Henry Soesanto, the company’s CEO, said its Asia Pacific branded food business delivered modest topline growth in the third quarter, supported by volume growth in biscuits and other categories.
‘Our strong start to October, with record domestic sales, is encouraging; however, we remain cautious given the uncertainties ahead in the fourth quarter. While higher edible oil costs continue to put pressure on our gross margins, we are beginning to see the benefits of our pricing adjustments and cost-saving initiatives, such as reformulation,’ Soesanto said.
‘We expect these efforts to drive gradual gross margin recovery in the succeeding quarters, though full year gross margin is still expected to be lower than last year.’

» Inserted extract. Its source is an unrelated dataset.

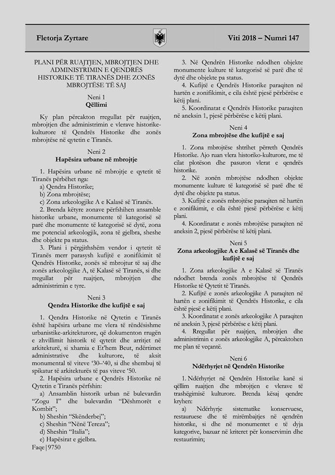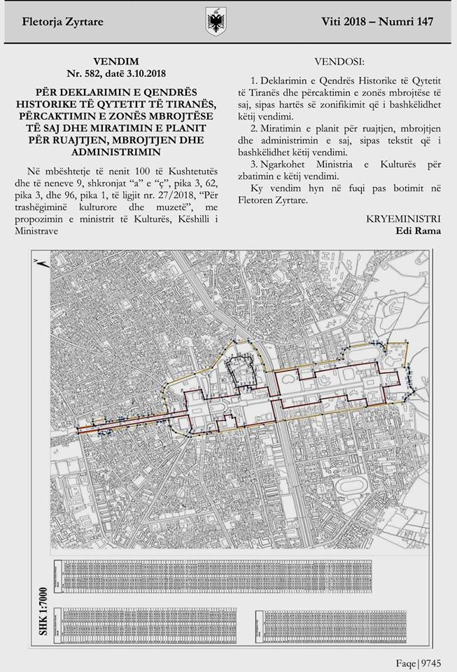 Me vendimin nr.582 , date 3.10.2018 Keshilli i Ministrave ka miratuar “Deklarimin e Qendrës Historike të Qytetit të Tiranës dhe percaktimin e zonës mbrojtëse të saj dhe miratimin e planit të ruajtjes ” .

As for its veggie meat business, he said the company is seeing continued easing of year-on-year declines and the significant gross margin improvement this quarter, which expanded by over 500 basis points year-on-year.
‘While category conditions remain challenging, the improvement in EBITDA [earnings before interest, taxes, depreciation and amortization] demonstrates that our initiatives are making steady progress. We will continue to focus on driving efficiency and supporting a gradual recovery as we navigate the current market environment.’

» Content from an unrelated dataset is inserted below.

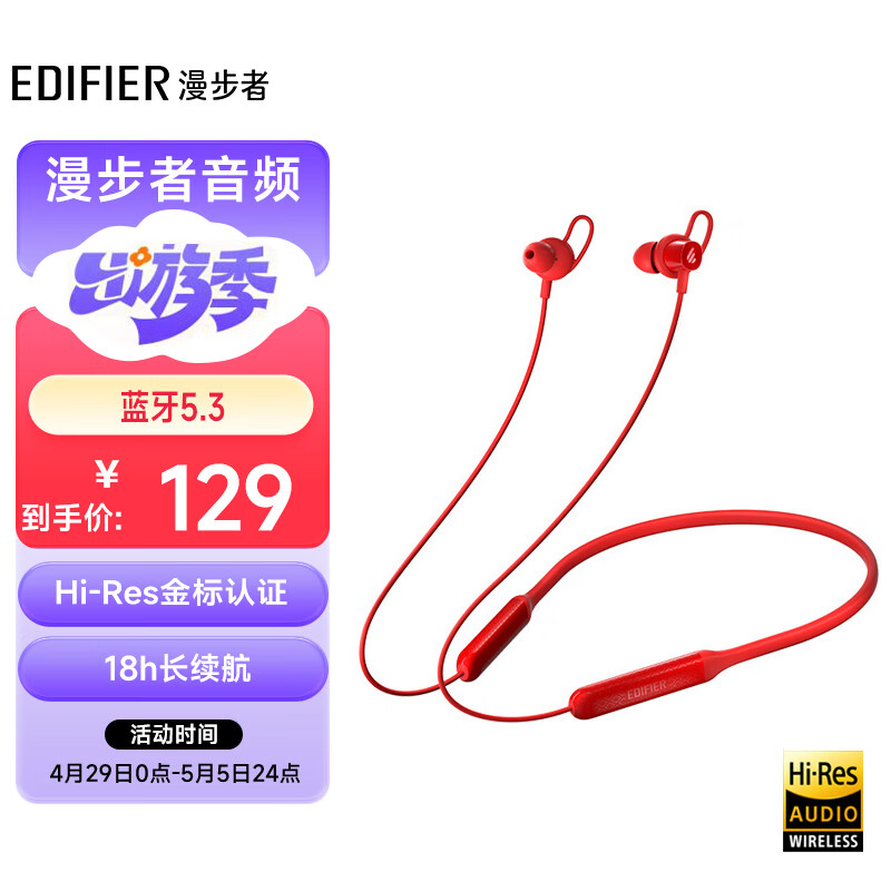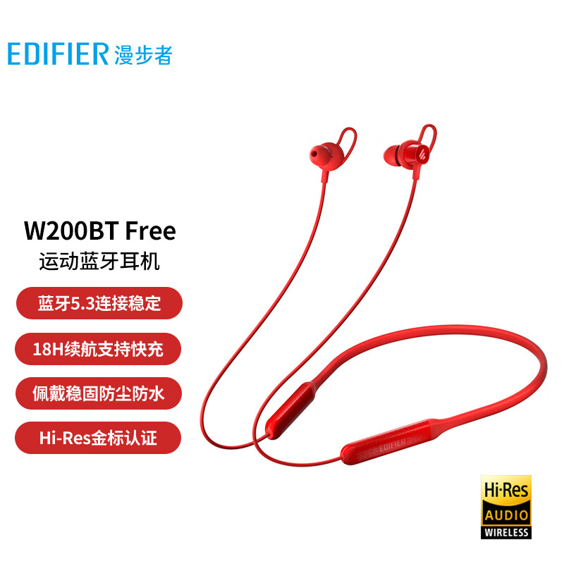 漫步者(EDIFIER)W200BT Free 颈挂式无线运动蓝牙耳机 蓝牙5.3 手机耳机 通话降噪耳机 红色价格:129.00元!

Net sales for the nine-month period rose 3 percent to P63.26 billion from the previous year’s P61.14 billion.
Its branded food group, with products such as Lucky Me! noodles and Sky Flakes biscuits, rose 4 percent to P53.28 billion from the previous year’s P51.05 billion, but its alternative meat business fell 1 percent to P9.97 billion from P10.09 billion recorded a year ago.
For the third quarter alone, its attributable core income inched up by 4 percent to P2.45 billion from the previous year’s P2.35 billion. Sales, meanwhile, grew 4 percent to P21.8 billion from P21.01 billion a year ago.
Gross margin contracted 279 basis points year-on-year to 34.8 percent for the nine months and 355 basis point to 34.4 percent in the third quarter, primarily due to higher edible oil costs. On a sequential basis, however, gross margin improved by 153 basis point, reflecting the impact of pricing actions and early benefits of cost management initiatives, the company said.